*Task item*. Only the lines from the one that includes "Слайд 11Вода родников" through the last line below belong in the reply, copied exactly and without pictures.
:::
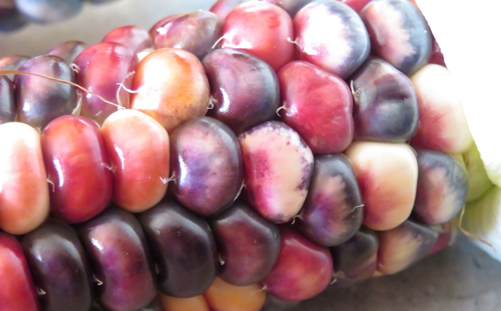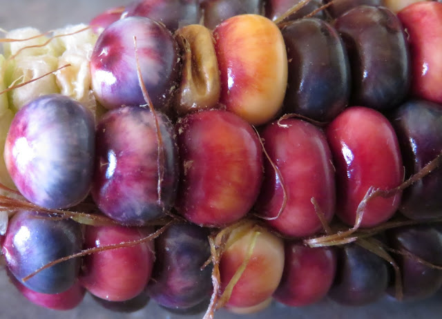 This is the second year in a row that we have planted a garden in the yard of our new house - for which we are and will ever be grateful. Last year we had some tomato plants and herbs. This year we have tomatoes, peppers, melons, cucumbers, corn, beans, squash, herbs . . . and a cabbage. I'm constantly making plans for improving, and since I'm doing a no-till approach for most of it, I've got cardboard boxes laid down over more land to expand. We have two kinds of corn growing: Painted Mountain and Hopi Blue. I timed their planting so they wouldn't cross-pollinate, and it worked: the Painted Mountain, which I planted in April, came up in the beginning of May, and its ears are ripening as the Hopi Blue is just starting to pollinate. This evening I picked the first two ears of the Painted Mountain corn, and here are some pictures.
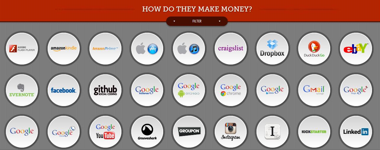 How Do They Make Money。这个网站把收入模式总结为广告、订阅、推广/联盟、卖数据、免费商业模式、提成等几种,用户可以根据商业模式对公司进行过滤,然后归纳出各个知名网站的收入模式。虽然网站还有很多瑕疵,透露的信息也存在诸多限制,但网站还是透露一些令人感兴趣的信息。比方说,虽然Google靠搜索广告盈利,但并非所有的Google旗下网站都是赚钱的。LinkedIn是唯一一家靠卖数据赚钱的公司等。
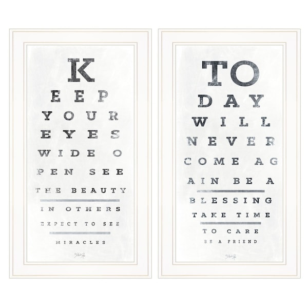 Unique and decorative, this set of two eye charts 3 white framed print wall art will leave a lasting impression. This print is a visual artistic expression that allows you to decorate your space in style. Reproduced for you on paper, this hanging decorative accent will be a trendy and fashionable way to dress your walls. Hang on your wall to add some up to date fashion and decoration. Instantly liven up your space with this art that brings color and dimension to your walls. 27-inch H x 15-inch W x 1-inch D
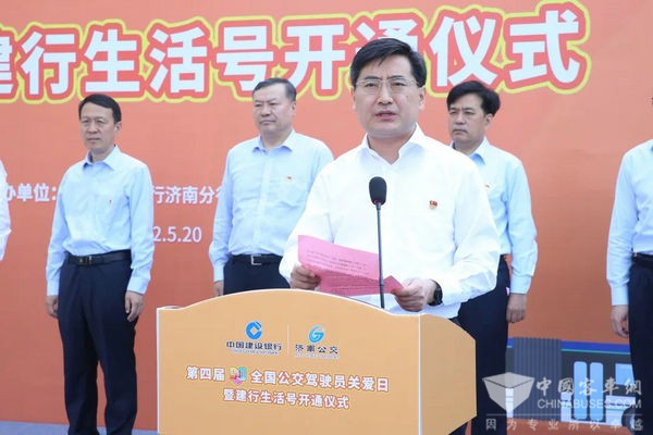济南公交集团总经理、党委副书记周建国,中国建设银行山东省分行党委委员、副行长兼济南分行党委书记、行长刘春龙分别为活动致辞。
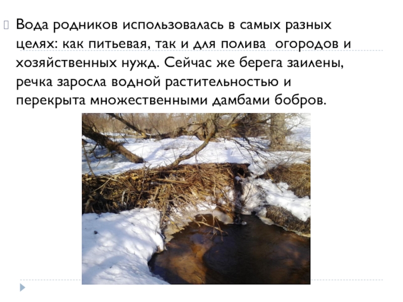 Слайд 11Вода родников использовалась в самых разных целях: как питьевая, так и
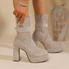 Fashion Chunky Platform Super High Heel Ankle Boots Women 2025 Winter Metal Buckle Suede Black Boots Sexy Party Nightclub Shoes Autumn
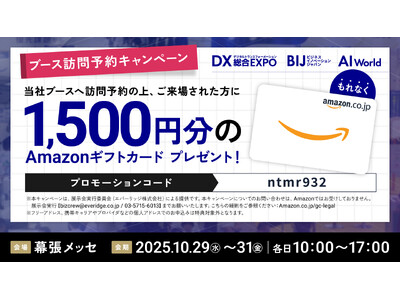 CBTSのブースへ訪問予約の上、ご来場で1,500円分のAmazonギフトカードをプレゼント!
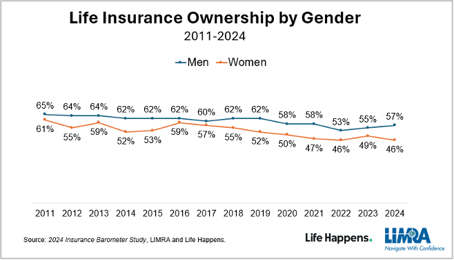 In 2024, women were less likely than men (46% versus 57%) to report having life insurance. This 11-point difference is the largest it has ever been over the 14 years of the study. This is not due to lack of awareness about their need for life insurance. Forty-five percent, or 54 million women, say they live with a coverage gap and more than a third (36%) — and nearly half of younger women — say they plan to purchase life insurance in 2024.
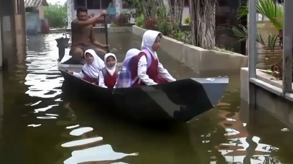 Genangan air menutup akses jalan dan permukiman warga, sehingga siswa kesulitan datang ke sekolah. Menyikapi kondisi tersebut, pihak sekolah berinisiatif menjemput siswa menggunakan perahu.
:::
*Exercise response*.
 Слайд 11Вода родников использовалась в самых разных целях: как питьевая, так и
 Fashion Chunky Platform Super High Heel Ankle Boots Women 2025 Winter Metal Buckle Suede Black Boots Sexy Party Nightclub Shoes Autumn
 CBTSのブースへ訪問予約の上、ご来場で1,500円分のAmazonギフトカードをプレゼント!
 In 2024, women were less likely than men (46% versus 57%) to report having life insurance. This 11-point difference is the largest it has ever been over the 14 years of the study. This is not due to lack of awareness about their need for life insurance. Forty-five percent, or 54 million women, say they live with a coverage gap and more than a third (36%) — and nearly half of younger women — say they plan to purchase life insurance in 2024.
 Genangan air menutup akses jalan dan permukiman warga, sehingga siswa kesulitan datang ke sekolah. Menyikapi kondisi tersebut, pihak sekolah berinisiatif menjemput siswa menggunakan perahu.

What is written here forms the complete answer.